Su chat erotiche o “simili” hanno acquisito i numeri di telefoni di persone a cui poi, in almeno quattro casi, sono riusciti a estorcere denaro (per un totale accertato di almeno 19 mila euro): questo è l’ultima truffa di genere che ha portato all’arresto di due uomini – uno di 45 anni, in carcere e ritenuto “vero promotore delle condotte criminali”, e il suo complice 54enne, ai domiciliari – sono stati arrestati a Melfi, in provincia di Potenza, dalla Polizia.
Le indagini, coordinate dalla Procura della Repubblica del capoluogo lucano, sono cominciate quando sono state accertate alcune “strane” movimentazioni di denaro da parte di uno dei due arrestati, che in pochi giorni aveva ricevuto da una persona della provincia di Lecce alcuni vaglia postali, per un totale di circa ottomila euro. Lo stesso uomo (che ora si trova ai domiciliari) è stato arrestato dalla Polizia in flagranza di reato subito dopo aver ritirato parte del denaro (alcune migliaia di euro) inviatogli da un insegnante di Avellino in pensione. La polizia ha inoltre recuperato circa 3mila 500 euro che saranno restituite alle vittime dell’estorsione.
Le accuse nei confronti dei due uomini sono di estorsione (andata a segno in quattro casi) e di diversi tentativi di estorsione. Così Antonio Bevilacqua, di 45 anni, e Pietro Iacullo, di 54, sono riusciti ad estorcere latte somme di denaro, mettendo a segno l’ennesima truffa nata sul web.

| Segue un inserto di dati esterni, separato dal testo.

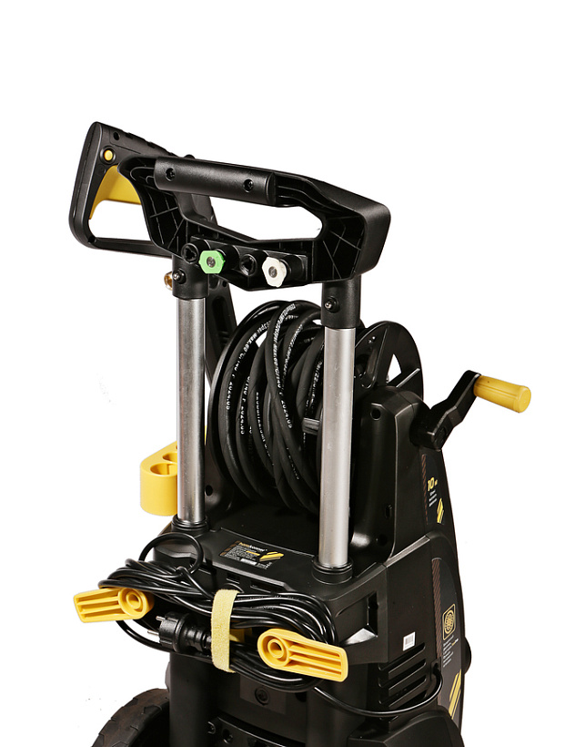 *Асинхронный двигатель - низкий уровень шума и увеличенный ресурс работы *Увеличенный до 10м эластичный шланг высокого давления на барабане позволяет свободно мыть автомобиль, чистить крыши дачных построек и другие объекты не передвигая мойку. Благодаря своей эластичности шланг легко разматывается и сматывается на барабан. *Профессиональный " пеногенератор объемом 1 литр в комплекте обеспечит качественное нанесение густой пены *Дополнительная роторная фреза TurboNozzle в комплекте для работы с сильными загрязнениями

Secondo quanto ricostruito dagli investigatori, dopo aver individuato i numeri di telefoni, fingendo di essere un avvocato o un carabiniere, Bevilacqua (che ha precedenti penali ed è in carcere) contattava gli uomini, accusandoli “falsamente” di aver contattato minorenni e di aver fatto loro avances sessuali.
A chi cadeva nella trappola, il pregiudicato (“vero promotore delle condotte criminali”) chiedeva quindi di effettuare versamenti di denaro a favore di Iacullo “a titolo di ipotetico risarcimento o – è spiegato in un comunicato – per il pagamento di spese legali, al fine di evitare presunte azioni giudiziarie per pedopornografia e l’inevitabile discredito sociale”.